Oil on linen canvas, circa 1948. 1117x1372 mm; 42x54 inches. Signed in oil, lower right.

Provenance: acquired directly from the artist; Margradel and Leonard Hicks, New York (1960s); thence by descent, private collection, Vermont.

This beautiful, modernist composition is an important early abstraction by Norman Lewis. This large canvas displays the artist's deep investigation of the dark tonalities and form found in the curled leaves of rhododendrons. The painting represents a significant moment, the confluence of Lewis's interest in modernism, black paint and natural forms that characterize his earliest abstract period and on a grand scale.

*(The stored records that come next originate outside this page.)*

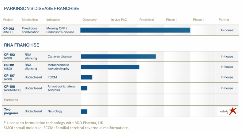 • 핵심 파이프라인인 'CP-012'는 파킨슨병 환자의 아침 무동증(Morning Off) 치료제로 개발 중
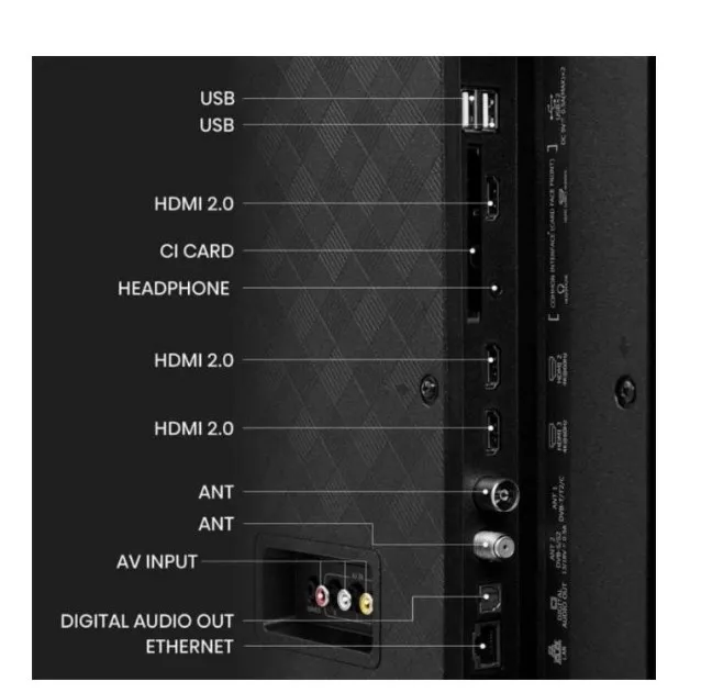 Расширьте свои телевизионные возможности с портами HDMI, разъемами USB, а также Wi-Fi и Bluetooth.
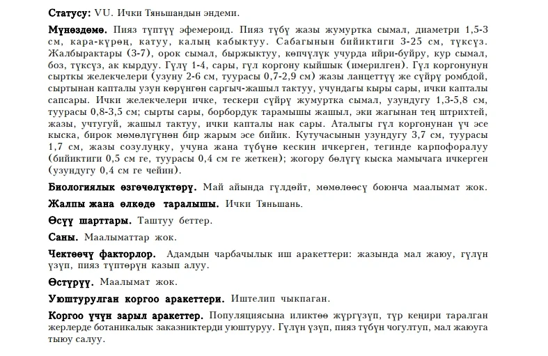 Semenov’s Onion Status: VU. Endemic to the Inner Tien Shan....
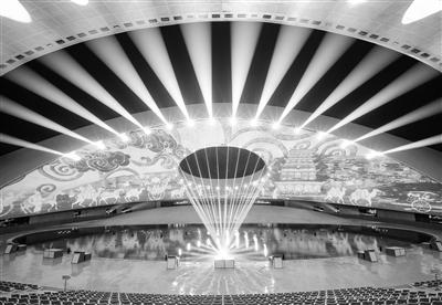 華夏文化展示中心分為展演區(qū)與展示區(qū)兩個(gè)部分,展示區(qū)為古鎮(zhèn)式商業(yè)街,目前已進(jìn)入收尾階段,展演區(qū)為大型激光水舞秀劇場(chǎng)——日月館,去年已試運(yùn)營(yíng),效果極佳。別名“黃河巨蛋”的日月館總用地面積為12000平方米,場(chǎng)館外形呈半橢圓形,由兩片獨(dú)立的頂棚覆蓋,場(chǎng)館高30米,寬約80米,內(nèi)設(shè)觀眾席位1450座。場(chǎng)館屋頂?shù)奶煅坶_口和場(chǎng)館地面體現(xiàn)了中國(guó)天圓地方的理念以及太陽(yáng)和月亮的互相映襯。外立面采用了與當(dāng)?shù)貍鹘y(tǒng)屋頂瓦片相呼應(yīng)的獨(dú)特形狀,又像鳥兒折疊的翅膀和羽毛,極富活力和寓意。
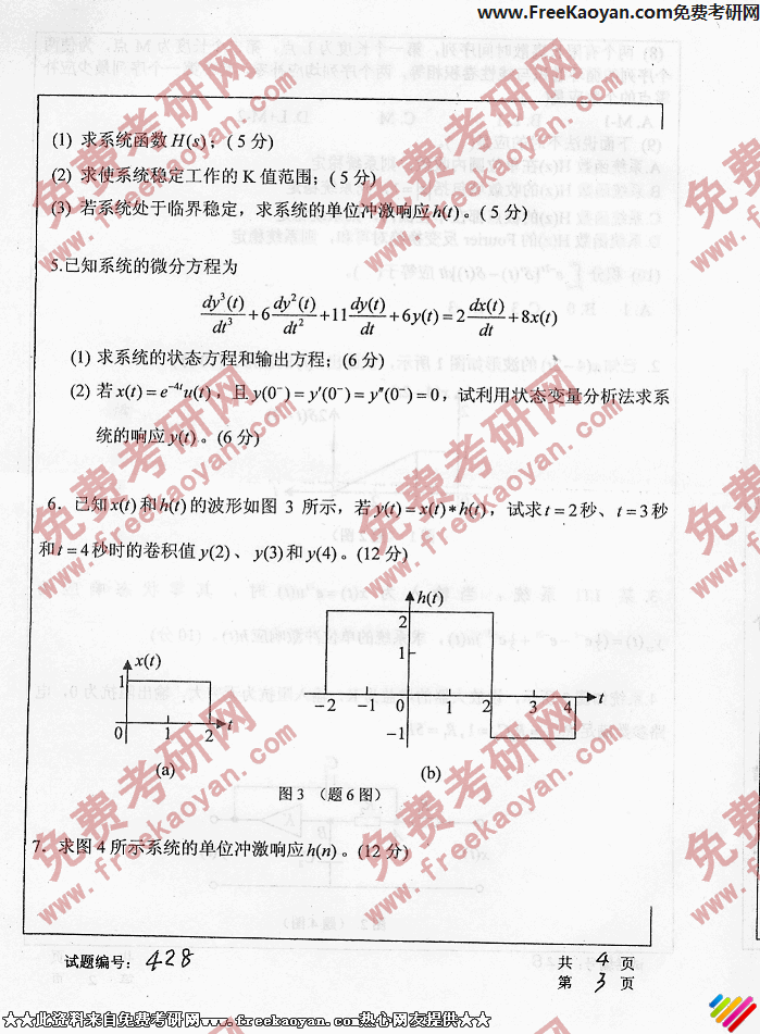 华中科技大学2006年考研真题-信号与系统(3)
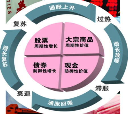 “更形象一点,美林投资时钟是以经济状况为纵坐标、通胀状况为横坐标,然后将一个完整经济周期的四个阶段分布于这四个象限之内,并揭示每个象限中投资标的收益高低。”光大银行海外债券投资组合经理窦黎明表示。
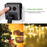 Estas guirnaldas de luces solares son la solución perfecta para iluminar tu espacio exterior de manera fácil y económica. Gracias a su sensor de luz, se encienden automáticamente en la oscuridad y tienen 8 modos de iluminación para elegir. Además, cuentan con una función de memoria para recordar la última configuración de modos y son resistentes al agua (IP65), lo que significa que pueden soportar cualquier clima. Son muy fáciles de instalar con su panel solar con estaca y luces de alambre de cobre, lo que las hace perfectas para decorar tu jardín, patio, porche, árbol, techo, terraza o habitación.
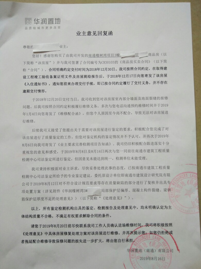 [百姓民声] 华润置业(南通)有限公司,你的社会担当呢? |
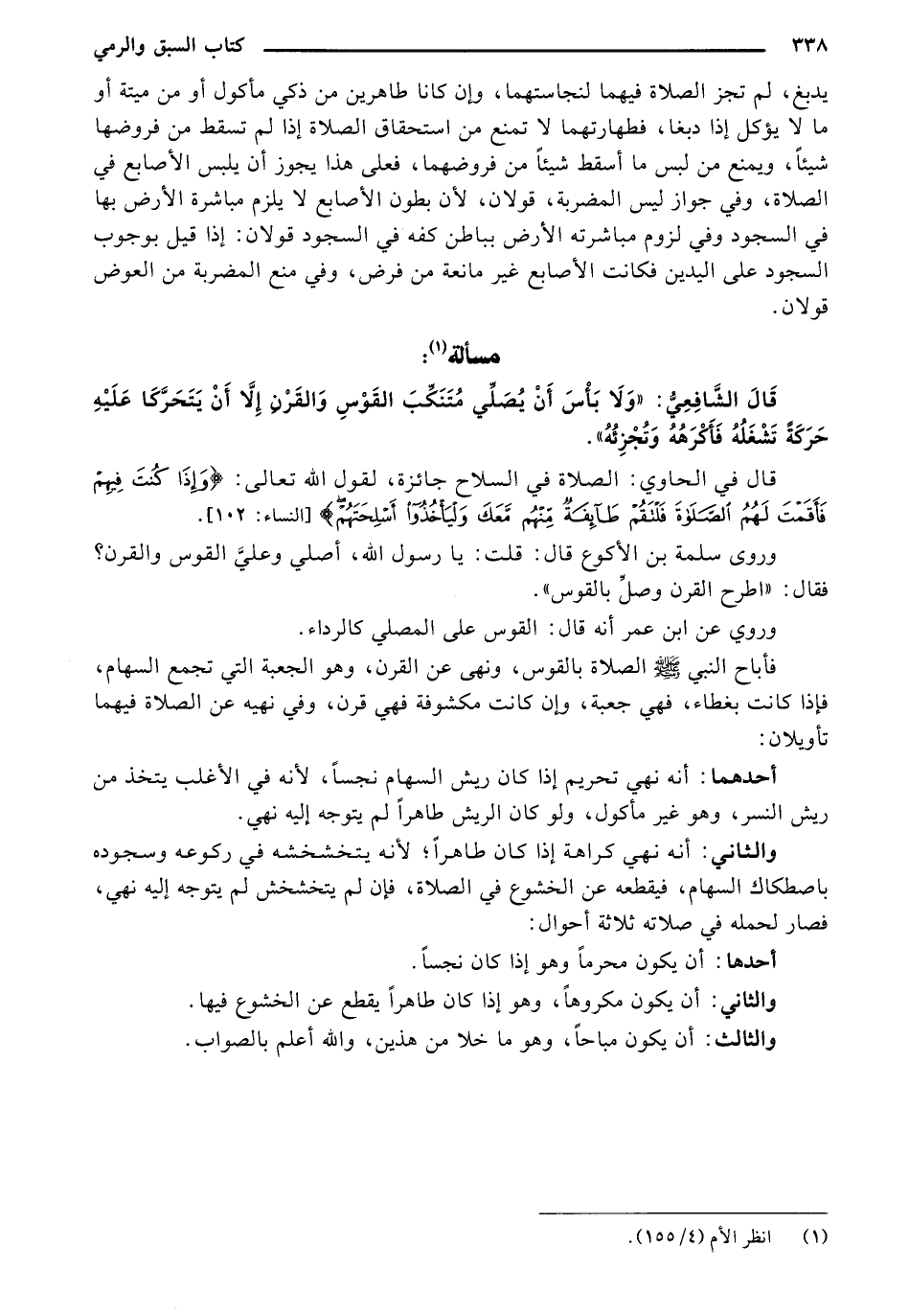 قال الشافعي: "ولا بأس أن يصلي متنكب القوس والقرن إلا أن يتحركا عليه حركة تشغله فأكرهه وتجزئه ".

Reflecting his great love of plants, of which he kept many in his studio, Lewis drew and painted several images of the leaves of rhododendron plants hanging down in the cold of winter. In 1948, Lewis painted the vertical and tonal composition Rhododendrons in Winter, in the Mott/Warsh Collection, which he later included in his first solo exhibition at the Willard Gallery in 1949. Another almost identical but smaller (18x24 inches) painting Three in Spades1948, is recorded with a photograph in the estate of the artist. Illustrated in the catalogue Norman Lewis: Black Paintings, 1946-1977, Ann Gibson used this image in her essay Black is a Color: Norman Lewis and Modernism in New York to illustrate how Lewis's interest in the color black began. It goes back to his painting of rhododendrons; according to Lewis, it "started with some rhododendrons... which I painted. I used just black - to convey the form - and I liked that and I went on to try to do other things". Lewis continued to use black and a dark palette through the 1940s to define his abstract forms. In Untitled and City Night, two 1949 paintings in the collection of the Museum of Modern Art, Lewis creates a similar dark silhouette around the central image; Untitled shares this earthy palette of greens and greys.